Originally posted in The Freeman
by Nancy Unchuan Toledo

When I became a teacher, I learned the hard way that my private life and public life didn’t really exist. There was just, my life. And all of it was for public consumption. My students didn’t really care that I could have a professional life and personal life. They asked me whatever question they could think of. And those that I didn’t answer, they just filled in with rumors.

The two questions I get asked most often is, “Why did you want to become a teacher?” and “Why are you still single?” The first I’ve answered many times but the second… well, that one is a little bit tricky. Because it’s a lot more personal than the first. And because it also pops out in the most unusual circumstances and the answers I give draw the most hilarious reactions. Once, a student asked me that question. And I started explaining how being single was an active choice I’d made and how there were many advantages to being single. To which, my student replied: “But, miss, when you grow old…you’ll be like that old lady…with the cats…lots of cats…” How can anyone think of a smart comeback for that?

These days, however, I’ve gotten a little better at answering that question. Because a year ago (March 25, 2010 to be exact), I made a vow in front of family and friends, in a simple ceremony in a chapel, that I was going to remain a virgin for the rest of my life.

Now, the normal reaction I get is: “You did what?!!” These days telling people that you want to remain celibate for the rest of your life is more shocking than admitting you’re an unwed mother or a homosexual. But to actually say that you’ve chosen single blessedness as a way of life simply because you’ve fallen in love with God and think that this is the life you’re called to, draw people to question your sanity and your motives. They automatically think you’ve been heart broken and sworn off men. Or they think your standards are too high. Or that you just haven’t met “the one.”

Strange. People can profess to be in love with a fictional vampire or a movie star or a rock star. They can weep and faint at concerts and scream at the top of their lungs when they meet their favorite celebrity. But they can’t seem to grasp how anyone can fall in love with God. They seem to forget that people have been falling in love with God for as long as humans have been alive. And that God can actually be “the One.”

I don’t resent my students (or anyone else for that matter) for asking me their questions.
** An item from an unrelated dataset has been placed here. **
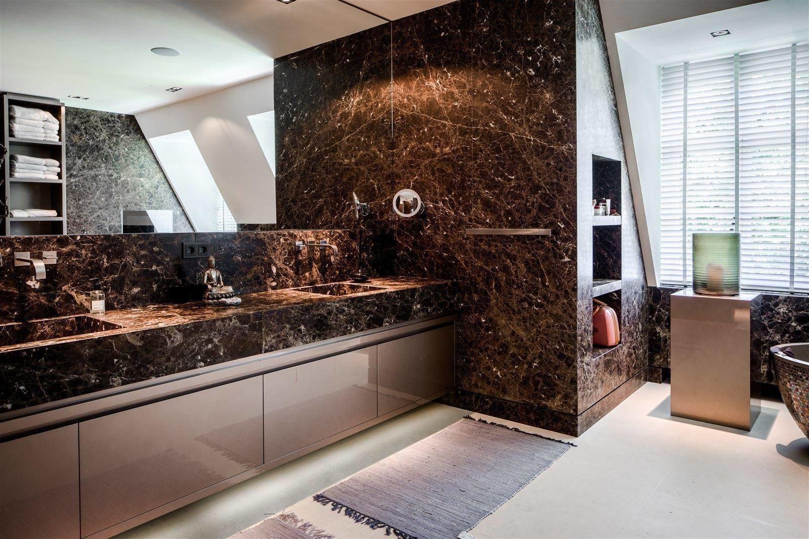 Главным декоративным элементом этого проекта является повсеместная облицовка элегантным мрамором Emperador Dark. Прожилковатая текстура камня шоколадной гаммы смотрится выразительно и благородно. Лощеная поверхность приобрела вид изысканной состаренности.

I’d ask myself those questions if I were in their shoes. After all, we all live in a world where profession (what one does for a living) takes precedence over vocation (what God is calling one to be), where pleasure trumps sacrifice and where romance upstages true love.

But in my long search to discover what it was that my heart truly desired and what it was that made me genuinely happy, I found out that every human being was called to a life of love—whether that love could be found in marriage, the priesthood and the religious life, or single life—was something that the individual had to think hard about and pray much about. And I found out, too, that the search was in itself a prayer. And the ability to answer, a miracle.
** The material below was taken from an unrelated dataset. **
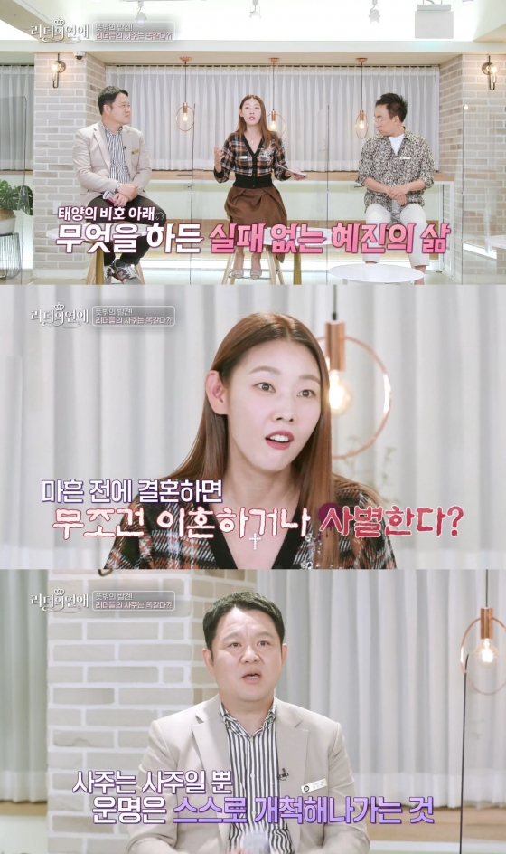 그러면서 한혜진은 "내 사주는 태양이 떠받치는 사주라 뭘 하든 실패가 없다더라 그런데 문제가 하나 있다. 마흔 전에 결혼하면 무조건 이혼하거나 사별한다더라"라고 전하며 황당한 표정을 지었다.

About Nancy Unchuan Toledo

When Nancy started teaching high school at age 21, she didn’t really think she’d make a career out of it. She was right. Ten years later and she realized teaching isn’t her career, it’s her passion. Writing is her passion, too, and she writes a bi-monthly column for the Freeman. Mostly she writes about her family, her friends, her students, her experiences in teaching, her love of books and her faith. Because those are the things that she cares about the most–although not necessarily in that order.